Takaichi dijo: «Todavía hay personas esperando ser rescatadas y es una carrera contra el tiempo». «Haremos todo lo que esté a nuestro alcance para encontrar y rescatar a tantas personas como sea posible».
Muchas personas han sido reportadas como desaparecidas y se está llevando a cabo una operación de búsqueda y rescate a gran escala. Un terremoto de magnitud 7,1 sacudió la región de Kumamoto, en el sur de Kyushu, el martes por la tarde.
Takaichi expresó sus condolencias a las víctimas y sus familias y aseguró al público que se estaban movilizando todas las fuerzas de respuesta necesarias para salvar a la mayor cantidad de personas posible. El primer ministro de Japón también pidió a los afectados por los temblores que tengan cuidado, ya que una ola de calor con temperaturas cercanas a los 40 grados centígrados azota la prefectura de Kumamoto.
El temblor fue el más fuerte que ha afectado la región en 10 años. En 2016, una serie de terremotos de magnitud 7,0, los mayores registrados, azotaron la región de Kumamoto, matando a 277 personas e hiriendo a casi 3.000.
Hiroki Shimoda, un empleado del Ayuntamiento de Mifune, que vio caer al suelo las tejas de una casa cercana, dijo: «El temblor me recordó el terremoto de Kumamoto (hace 10 años) y fue aterrador».
Las Fuerzas de Autodefensa de Japón se unieron a los rescatistas en las operaciones de búsqueda y rescate en el centro comercial gravemente dañado, entregando agua y transportando a los heridos a hospitales cercanos para recibir tratamiento.
El gobierno también se está preparando para entregar alimentos y otros artículos de primera necesidad a las zonas más afectadas.
Según el Departamento de Bomberos de la ciudad de Kumamoto, prefectura de Kumamoto, el segundo piso del centro comercial Aeon en la ciudad de Kashima se derrumbó debido al terremoto y la gente quedó atrapada bajo los escombros. Las autoridades locales dijeron que les dijeron que la explosión fue causada por una fuga de gas y que estaban investigando.
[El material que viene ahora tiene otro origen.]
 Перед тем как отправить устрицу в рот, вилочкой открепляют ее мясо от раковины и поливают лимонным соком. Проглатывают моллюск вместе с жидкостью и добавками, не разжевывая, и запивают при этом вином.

Los equipos de emergencia en Kumamoto anunciaron que una chimenea en la fábrica Yatsushiro de Nippon Paper Industries se derrumbó, dejando a la gente atrapada bajo los escombros. Hasta el miércoles se temía que siete personas siguieran atrapadas, pero dos supervivientes habían sido rescatados sanos y salvos. Las autoridades dijeron que otros dos cuerpos fueron encontrados en el mismo lugar y retirados.
También hay varias centrales nucleares civiles en la región, pero las autoridades dijeron el martes que no hubo daños importantes en las instalaciones y «no se registraron anomalías». La prefectura japonesa afectada se encuentra a unos 900 kilómetros al suroeste de la capital, Tokio.
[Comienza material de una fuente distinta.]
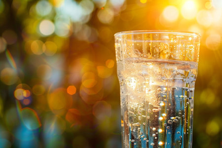 A glass of sparkling water with bubbles and bokeh background.

Los medios de comunicación japoneses locales informaron que unas 40 personas heridas fueron trasladadas a un hospital en Yatsushiro y unas 50 más fueron trasladadas a un hospital en Kumamoto.
Muchas empresas manufactureras importantes en Kyushu suspendieron sus operaciones el martes, pero estaban programadas para reanudarlas el miércoles ya que no se confirmaron daños importantes. Sin embargo, la pista del aeropuerto Aso Kumamoto permanece cerrada y actualmente no está claro cuándo reabrirá.
Un tren descarriló y volcó en la estación de Yatsushiro, y los muros de piedra del castillo de Kumamoto, un importante destino turístico, resultaron dañados. El castillo de Kumamoto también sufrió graves daños en el terremoto de 2016 y actualmente se encuentra en restauración.
Shinji Kiyomoto, jefe del departamento de contramedidas contra terremotos y tsunamis de la Agencia Meteorológica de Japón, instó a los residentes a ser cautelosos durante los próximos dos o tres días, citando la posibilidad de fuertes réplicas.